___ Extracted entries

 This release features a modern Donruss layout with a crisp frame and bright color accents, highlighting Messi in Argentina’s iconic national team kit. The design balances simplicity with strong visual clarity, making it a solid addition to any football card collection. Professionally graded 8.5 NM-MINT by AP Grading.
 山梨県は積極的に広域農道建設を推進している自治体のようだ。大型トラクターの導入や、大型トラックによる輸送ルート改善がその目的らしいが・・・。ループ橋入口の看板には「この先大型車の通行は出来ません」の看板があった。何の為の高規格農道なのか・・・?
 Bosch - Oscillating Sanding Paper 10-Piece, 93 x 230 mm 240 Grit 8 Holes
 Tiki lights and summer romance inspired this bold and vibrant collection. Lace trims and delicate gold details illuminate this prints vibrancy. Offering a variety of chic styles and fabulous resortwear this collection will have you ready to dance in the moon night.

______
___ Extracted entries

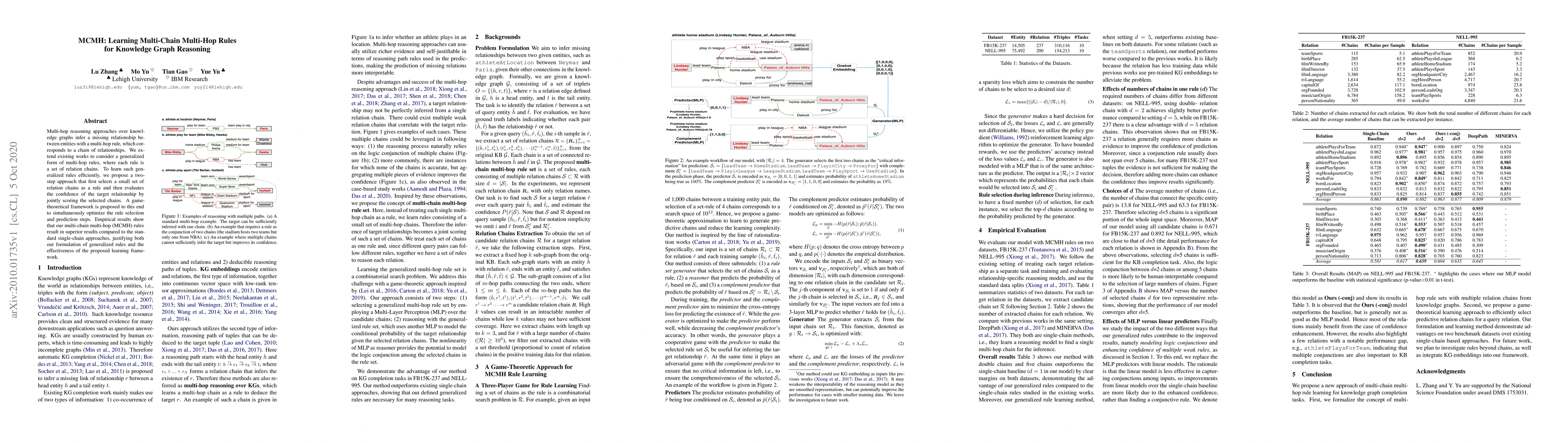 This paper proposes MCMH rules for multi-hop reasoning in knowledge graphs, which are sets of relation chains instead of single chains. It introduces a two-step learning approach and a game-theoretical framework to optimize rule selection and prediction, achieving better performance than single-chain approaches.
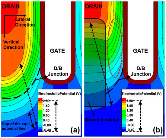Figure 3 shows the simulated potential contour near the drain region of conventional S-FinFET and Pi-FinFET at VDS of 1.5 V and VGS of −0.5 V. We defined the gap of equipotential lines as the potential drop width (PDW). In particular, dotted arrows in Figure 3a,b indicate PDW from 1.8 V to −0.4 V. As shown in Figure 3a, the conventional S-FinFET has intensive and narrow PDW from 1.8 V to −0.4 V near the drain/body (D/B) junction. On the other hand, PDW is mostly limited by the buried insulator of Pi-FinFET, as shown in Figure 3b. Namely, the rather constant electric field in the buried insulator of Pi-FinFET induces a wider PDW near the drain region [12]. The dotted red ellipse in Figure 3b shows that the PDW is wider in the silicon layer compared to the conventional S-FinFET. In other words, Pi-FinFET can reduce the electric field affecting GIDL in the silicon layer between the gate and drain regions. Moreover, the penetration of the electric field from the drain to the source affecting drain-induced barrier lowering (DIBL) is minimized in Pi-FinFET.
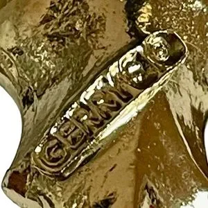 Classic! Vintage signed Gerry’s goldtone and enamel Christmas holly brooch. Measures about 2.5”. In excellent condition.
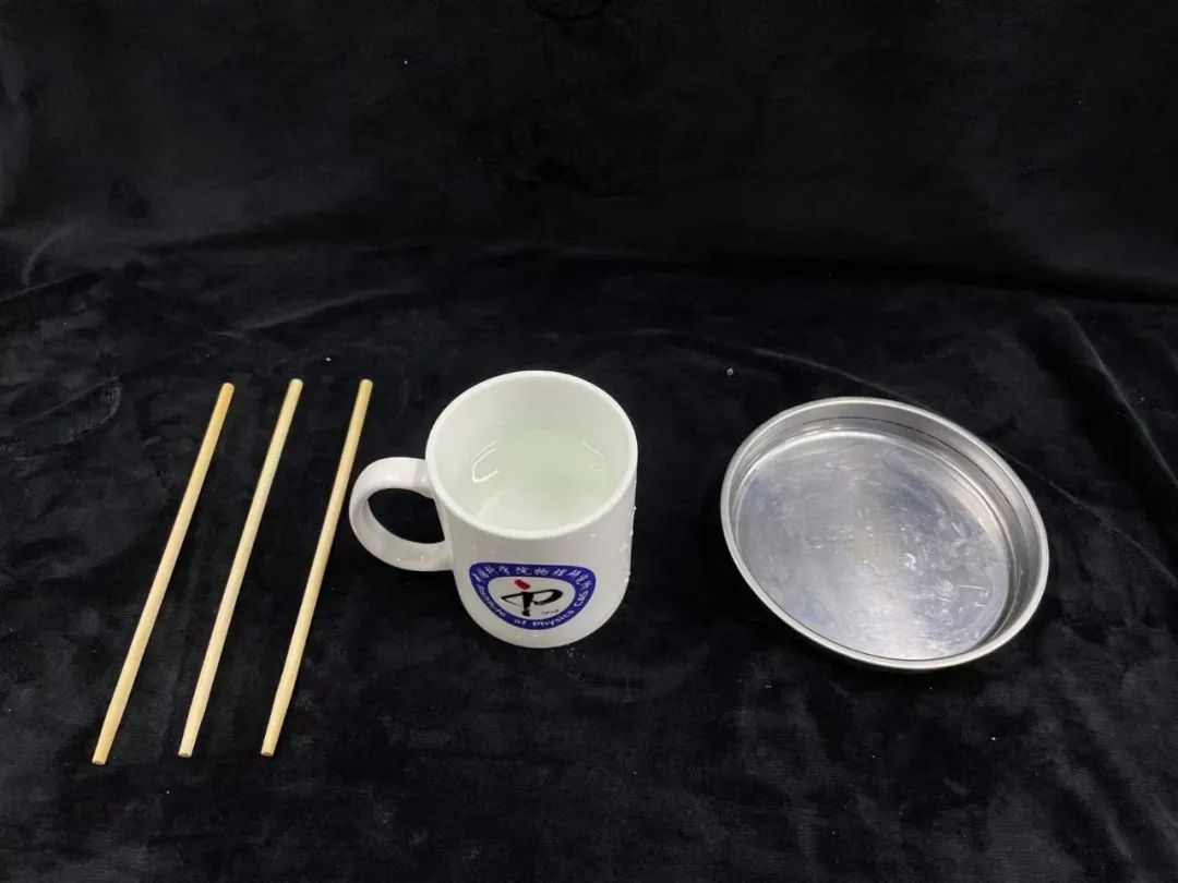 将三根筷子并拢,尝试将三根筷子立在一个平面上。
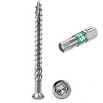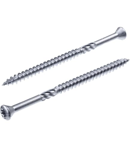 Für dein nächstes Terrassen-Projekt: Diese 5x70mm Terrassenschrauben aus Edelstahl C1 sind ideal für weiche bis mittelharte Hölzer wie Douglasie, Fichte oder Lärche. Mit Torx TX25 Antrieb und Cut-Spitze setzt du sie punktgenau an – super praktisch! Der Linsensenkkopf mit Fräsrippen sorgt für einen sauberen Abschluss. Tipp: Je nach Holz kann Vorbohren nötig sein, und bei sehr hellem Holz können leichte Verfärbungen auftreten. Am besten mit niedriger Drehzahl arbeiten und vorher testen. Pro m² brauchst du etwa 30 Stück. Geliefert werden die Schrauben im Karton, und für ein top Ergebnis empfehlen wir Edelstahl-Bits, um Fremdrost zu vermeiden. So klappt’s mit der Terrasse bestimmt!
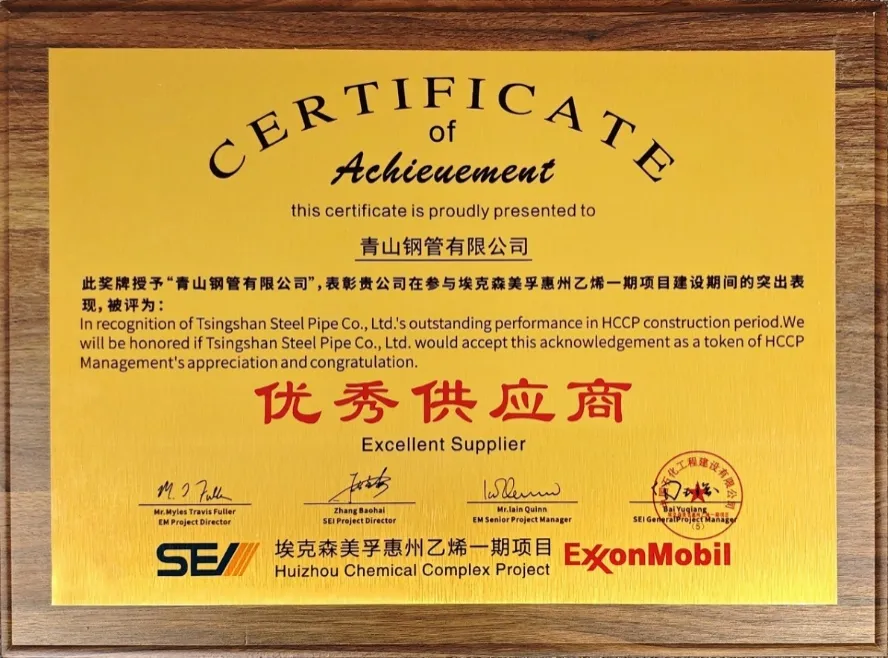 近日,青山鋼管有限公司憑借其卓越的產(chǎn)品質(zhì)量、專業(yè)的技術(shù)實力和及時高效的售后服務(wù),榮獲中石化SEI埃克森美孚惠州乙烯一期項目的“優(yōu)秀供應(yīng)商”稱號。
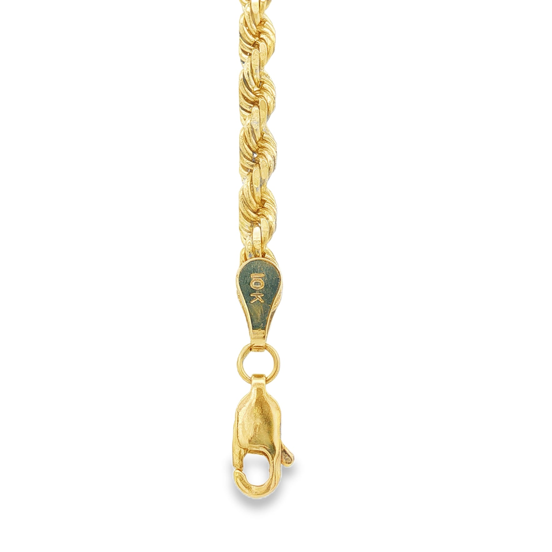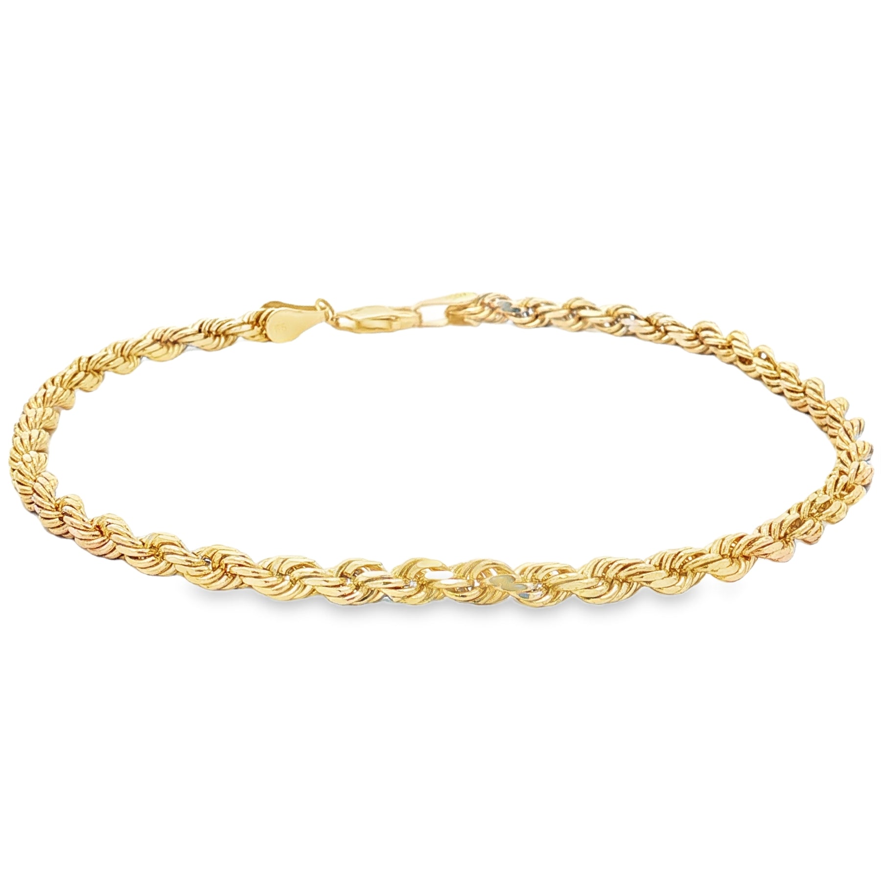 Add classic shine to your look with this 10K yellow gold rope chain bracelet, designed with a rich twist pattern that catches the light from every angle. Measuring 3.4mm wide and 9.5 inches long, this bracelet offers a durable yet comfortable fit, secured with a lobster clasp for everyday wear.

______

*Directions*. Respond with one number only: how many lines of the data contain "collection".

*Exercise response*. 2